I can only think of a very few households who were unable to learn how to manage money when given support and coaching to do so. Two of them were couples with mild LDs, two were single people with MH issues, a couple had brain injuries and one was where one partner was an alcoholic.
Most people can learn to manage their money with a bit of help. Sadly, funding for that sort of work is rarely available.
I agree that most people could learn if offered the opportunity to do so, and that the opportunity to do so is vanishingly available.
But, there's no teaching someone to stretch money, if what is coming in, does not equal what needs to go out, no amount of budgeting skill is going to fix that. If your basic outgoings like rent, council tax, water rates and school uniform etc exceed what you've got coming in, what then?
I've been in that situation and it's really obvious that some people haven't when they start going on about cutting your cloth etc. If your cloth isn't big enough to start with and you've no means to increase it, then it's not going to work no matter how you cut.
You can make all the necessary cuts and still be in the negative, because some things, like rent and council tax are non negotiable, you can't cut back on them if you suddenly have time off sick or your employer decided to slash your hours because far better you suffer the concequences of reduced business than them.
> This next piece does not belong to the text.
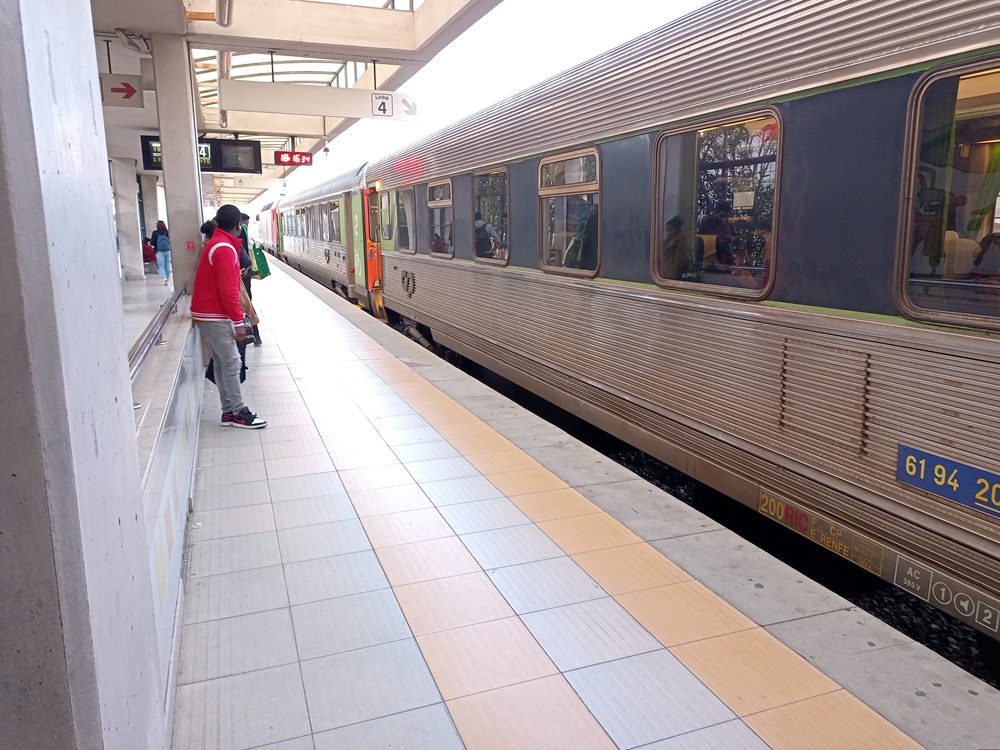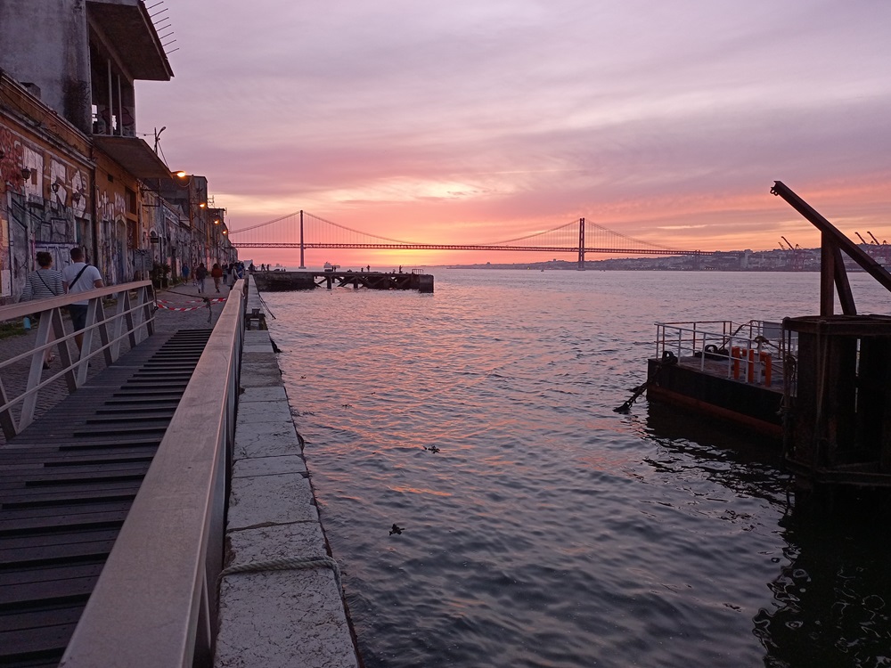 Der Zug, der mit nur 4 Wagen für einen Sonntagabend recht kurz ausfällt, aber dennoch nicht voll besetzt ist, wird in Kürze die Ponte 25 de Abril queren und damit in die Stadt Lisboa einfahren. Da sich die Fernbahnhöfe in Lisboa aber relativ weit von der Innenstadt entfernt befinden, nutzen wir einen anderen Weg zurück in die Stadt.

I can tell you, it's fucking miserable to be recovering from surgery, sat with the curtains closed so the bailiffs can't see in with the council telling you that you should just pay what you owe and if you are entitled to any benefit because of losing income then it'll be applied and you'll owe less in the future, but right now pay up or the bailiffs are coming in and you'll get penalised for this happening financially, ensuring that you stay in the situation longer.
While freezing your backside off because you can't afford the heating on because you've cut that back to buy new school shoes or otherwise your child ends up in isolation for not being in the correct uniform.
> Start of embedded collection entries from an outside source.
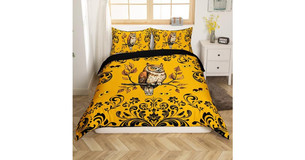 Erosebridal Halloween Owl Comforter Cover Full Boho Damask Gothic Bedding Set Boho Vintage Baroque F
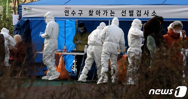 (인천=뉴스1) 정진욱 기자 = 14일 인천시 연수구의 한 아파트에서 신종 코로나바이러스 감염증(코로나19) 확진자 8명이 발생해 주민 2300명을 대상으로 전수 검사를 진행하고 있다. 해당 아파트에는 10~14일 8명의 확진자가 발생했다. 관련 누적 확진자는 15명까지 늘었다. 방역당국이 아파트 공터에서 주민을 대상으로 검체 검사를 진행하고 있다. 2021.1.14/뉴스1
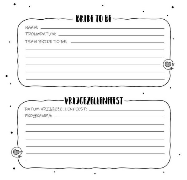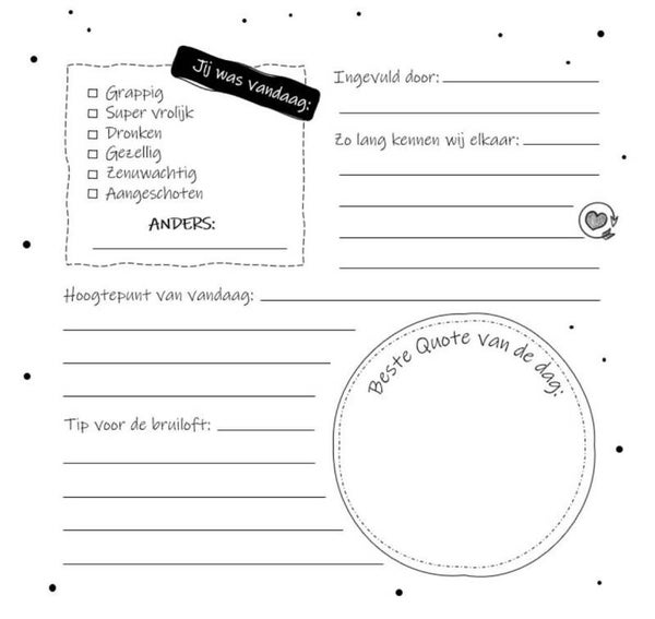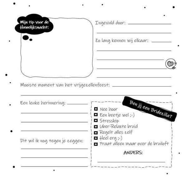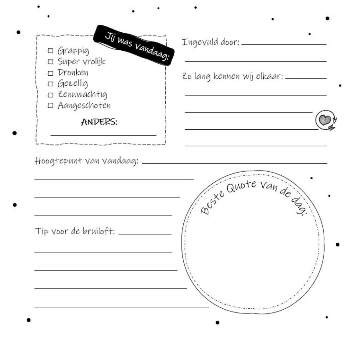 Het vrijgezellenfeest invulboek is een mooie en leuke herinnering aan deze leuke dag. Kortom een Musthave voor elk vrijgezellenfeest!

Then you're expected to get better and get yourself back to work and leave the fact you've just had yet another wash in cold water so you're clean and tidy to meet the expectations placed upon you, at the door and be professional, though you don't get regarded, paid or treated as such.
Then you read that you waste it all on fags, booze and wide-screen TVs and really, it's your own fault because you should just have a better job anyway.
I'm away from that situation now, but by God, I remember what it was like to be the lowest of the low and ridiculed for it, while feeling like other people are managing to get on with their lives and do their better earning jobs because I'm here like some mug being paid a pittance to make sure their elderly and vulnerable relatives are looked after so they don't have to.
It's absolutely miserable but a clear sign that people like me, well we don't matter.